My problem is, that whenever I try to apply the learned Naive Bayes model, the original data from the export.csv produce corrupt records. I have linked a picture of the problem, with the specific blocks and results. Always the same column goes bad (UserReplyTime, which is used as label), and the Question marks and bad numbers appear at the same position. I am using windows1250 encoding. Thank you for your time,
update: Narrowing down the problem: if I copy the ReadCSV "export.csv" object manually, and connect the copy instead of the original's Multiply to the "unl" node, the original export.csv "goes back to normal". However, anything I connect to the said node produces the same problem with even more "?" for the said data... so I am basicly still at the same place.
update2: the same problem happens, if I try to use for example, the k-NN model. The same column has bad values (but in this case, the question marks disappear, but some of the 0's change to random numbers, like 3,4, and some other bigger bumbers, like 303933 changes back to 0. Please, somebody help me with this, I am really stuck.
As far as I can see from your pictures you take a sample of data to train the model and different sample of data to apply your model.
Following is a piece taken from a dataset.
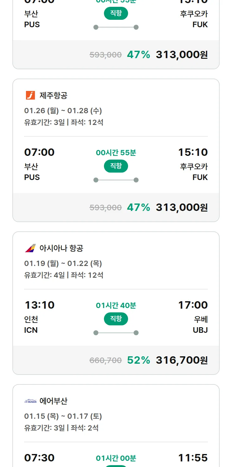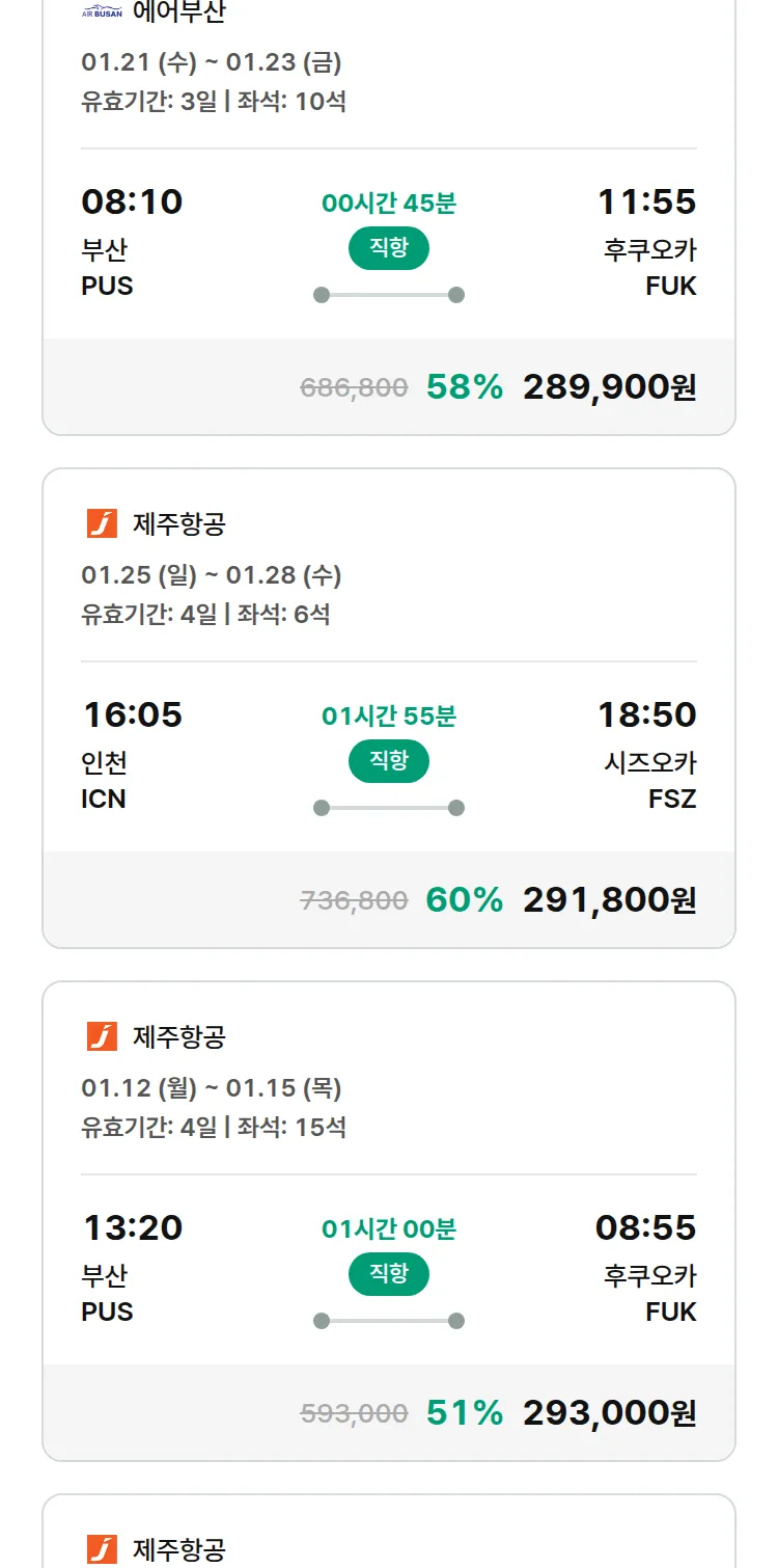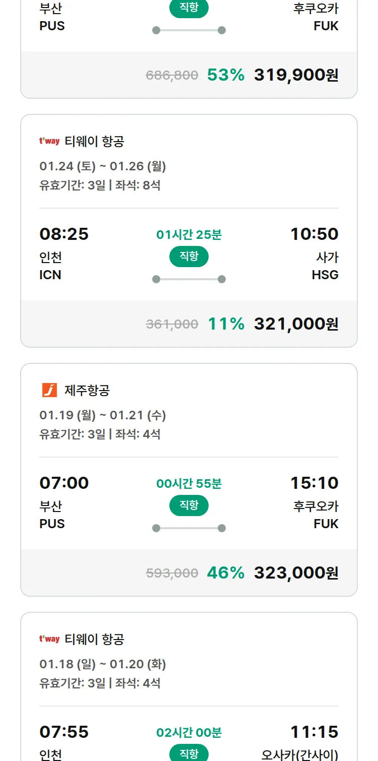 (12월 26일(금)) 땡처리 특가 항공권

You have no clue at all what your algorithm has learned. So applying such a model may give you such results. I would strongly suggest to use a validation operator together with an performance operator to see whether you are on the right way. You may also post your process as XML the next time.
Thank you for your reply! I did, as you said, now I try to use a Validation process. However, the same problem resist: if I connect the store to the Validation process, my original data seems corrupted at the "Eredeti Tábla" multiplyer. It is odd, that only the Labelled attribute goes corrupt. (inside the Valdiation I use naive Bayes, without Laplace correction)